Saturday, 27 August 2022

Reagan’s Misadventure in Afghanistan and Pakistan

Reagan with Afghan Mujahideen

in the Oval Office (1983)

From the 1920s to the 1980s, jihad was a noble mission for the American government. The Americans did not equate jihad with terrorism; they thought that they could use the jihadists to destroy communism and Westernize the world. They associated the problem of terrorism with communism, not with Islam. After the Ottoman Empire’s dissolution in 1922, America’s greatest enemies were the communists states, while most of the Islamic states were close allies. 

President Ronald Reagan was so enthusiastic about supporting the Afghan mujahideen, who had jihadist ties, that in 1982 he dedicated the launch of Space Shuttle Columbia to “the people of Afghanistan.” In 1983, the leaders of the Afghan mujahideen groups were invited to the White House where they met Reagan in the Oval Office. Reagan’s administration funded the mujahideen groups, armed them with cutting edge weapons, glorified them as freedom fighters in government reports, and trained them in the art of insurgency, sabotage, and terrorism.   

Till the early 1970s, the Pakistani government used to claim that their country was secular. The Islamization of Pakistan happened during the reign of General Zia-ul-Haq, who came to power in 1977, through a military coup. When Reagan became the president in 1981, he declared that Zia’s regime was America’s "front line" ally against the Soviet Union. With America’s full support, Zia promoted the mujahideen groups in Afghanistan and groups like the Jamaat-i-Islami in Pakistan. He changed Pakistan’s laws to Islamize bureaucracy, education, economy, and media. 

Since the Afghan mujahideen were waging a war on the Soviet Union, they were the good guys for the Americans. The Reagan administration poured weapons worth billions into Pakistan and Afghanistan to strengthen the jihadist groups. This American policy had terrible consequences for India. After the jihadists had driven the Soviet Union out of Afghanistan, they turned their attention to India. In the late 1980s, terrorist violence escalated in Kashmir and other parts of India. Thousands died, and the Kashmiri Pandits were forced to flee from the Kashmir valley. 
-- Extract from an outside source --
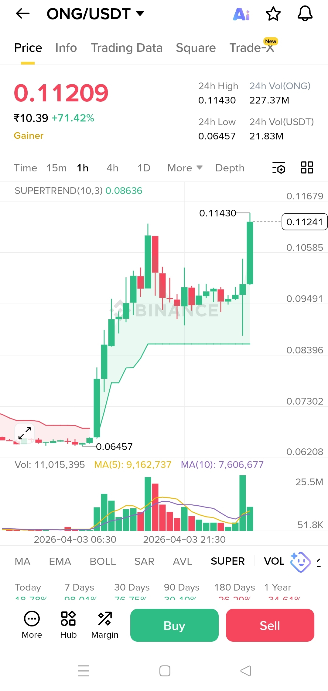 The chart shows a massive bullish momentum with ONG up over 71% in the last 24 hours. We are seeing a strong breakout above the previous consolidation zone, supported by high volume and a green SuperTrend signal.

There was transformation in American view of jihad after 9/11. When America itself was attacked on 9/11, the American government suddenly woke up to the fact that the jihadists were not the good guys or the allies of the West. The word “jihad” acquired a pejorative meaning in America and Western Europe. Islamism replaced communism as the ideology of anti-Western groups, and the American media started depicting the jihadists groups as the perpetrators of terrorism.